Thanks to everybody who participated! Let's dig into this puzzle.
We have a HashSet<StringBuilder> here (which has a HashMap inside), we fill it with some objects, then we add one more StringBuilder (sb), and it's correctly added (contains() returns 'true'). Next, we modify the sb contents and contains() returns 'false' now. How it's possible?
Usually, it's a bad idea to mutate the objects used as hash table keys if the hashCode depends on the changed state. In this case, the updated hashCode will point to the wrong bucket, and the hash table won't be able to find the corresponding entry.
However, StringBuilder never overrides equals/hashCode, so it has the identity equals and the identity hashCode, which doesn't depend on content. This way, regardless of the updates, we will always find the proper bucket, and contains() will always return true. Isn't it?
Well, since Java 8 the HashMap implementation was updated to build a red-black tree if we have 8 or more elements inside the single bucket to avoid linear scan.
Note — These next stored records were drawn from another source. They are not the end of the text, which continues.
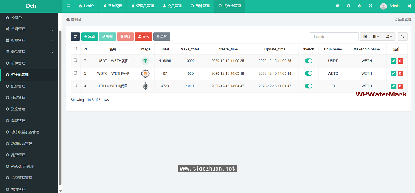 后台地址:你的域名/defi 后台账号:admin 密码:123456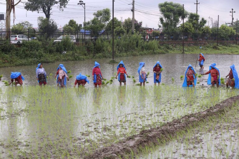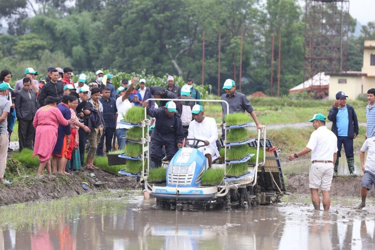काठमाडौं, १५ असार । कृषि तथा पशुपंक्षी विकास मन्त्री महिन्द्र राय यादवले मेसिन चलाएर धान रोपेका छन् ।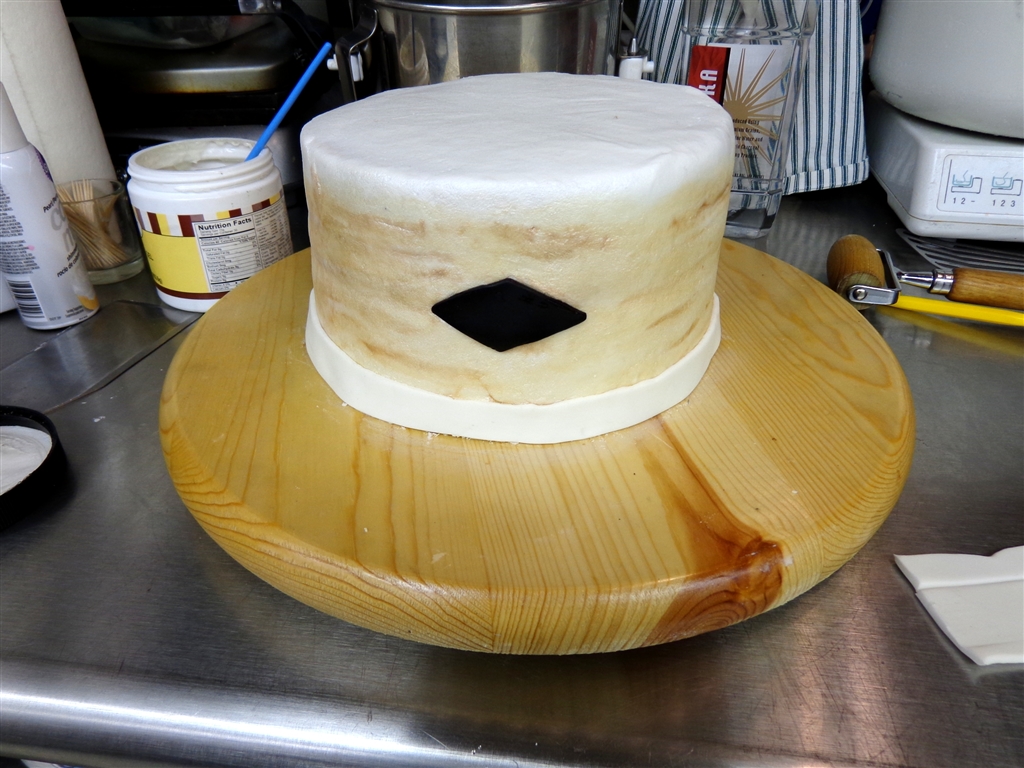 I made a couple of shades of vodka paint with brown icing color for the wood grain. Icing color tends to deepen or darken as it dries so I kept working with the colors trying to get them to match David’s drums expecting the paint to act like icing. It doesn’t work the same, I found. I made a vodka paint with luster dust and used that Opalescent spray for the hardware. I tried the sliver metallic spray and was not happy with the results. I’ve used the gold before and that looks great but the silver looked blue. Luster dust for silver. Write that down.

For this, it should be possible to compare elements. bugs.openjdk.java.net/browse/JDK-800…
To compare elements, HashMap uses first complete hashCode (not only bits used to identify the bucket), then if elements are Comparable and have the same class it uses compareTo method. Then it uses runtime class name and identityHashCode as the last resort.
This procedure was still stable for StringBuilder in Java 8..10, as StringBuilder was not comparable. However, in Java 11 it was improved and it actually implements a Comparable interface that compares two StringBuilders by content. bugs.openjdk.java.net/browse/JDK-813…
So, if we actually have many collisions in HashSet/HashMap that uses StringBuilder as keys, it may rely on compareTo() and fail if the StringBuilder content was changed since the StringBuilder was added to the collection, as we may take the wrong route inside the r-b tree.
To make this happen, we need to generate some collisions and force HashMap to treeify the bucket. The identity hash codes are just random numbers, so you need to create a number of StringBuilders until you find one with the desired bucket number. Image
hc ^ (hc >>> 16) is the formula used in HashMap implementation to improve the bucket distribution when low bits change not very often. A bucket number is just several lower bits, hence & 0x3F github.com/openjdk/jdk/bl…
So this code will generate StringBuilder objects that always fall into the first bucket inside the HashMap having the capacity of 64 (0x40). It's the minimal treeification capacity. github.com/openjdk/jdk/bl…
So if we generate about 40 of such StringBuilders, we will have a pretty treeified HashMap. However, compareTo() won't be called, unless we have exactly duplicate hashCode(). Luckily, we need only one exact duplicate and it can collide with any of 40 objects we already have.
Putting this all together, we can generate a list of 40 StringBuilders that go to the same bucket. Let's also sort them by hashCode to simplify the search. Image
Next, let's find a single collision: Image
That's it. We initialize the first 40 StringBuilders with "a" to make them lexicographically bigger than the empty one. However, when we append "oops", their order changes, and compareTo() will return the different result. Here's the complete solution gist.github.com/amaembo/e20a66…
A similar solution was proposed by @AndreiPangin who just generated 10,000,000 StringBuilder objects and find the collision between them. His solution works faster!
Another solution was proposed by @quydxnguyen but he looks for collision with exact StringBuilder hash, rather than any hash which makes the things slower. But he parallelized the search for speedup!
One more solution is submitted by @heinzkabutz who used a bigger table than me and did a trick with an anonymous class static initializer to write some imperative code. Good job, Heinz!
The main question that this puzzle poses: is this ok to mutate StringBuilder objects used as HashMap keys/HashSet elements in production code? As @VladimirSitnikv suggests here, you should test your code with -XX:+UnlockExperimentalVMOptions -XX:hashCode=2
This option makes the identity hashCode of all the objects the same. So with this option, your code will fail without special preparation of StringBuilders. On the other hand, is it a big chance that many StringBuilders will actually fall into a single bucket?
After all, when designing programs we often assume that something unlikely is impossible (the whole Git thing relies on the absence of SHA1 collisions). Can we consider the program to be correct if it uses mutable StringBuilders in hash tables? How long will it run until failure?

• • •

Missing some Tweet in this thread? You can try to force a refresh
 

Keep Current with Tagir Valeev

Tagir Valeev Profile picture

Stay in touch and get notified when new unrolls are available from this author!

Read all threads

This Thread may be Removed Anytime!

PDF

Twitter may remove this content at anytime! Save it as PDF for later use!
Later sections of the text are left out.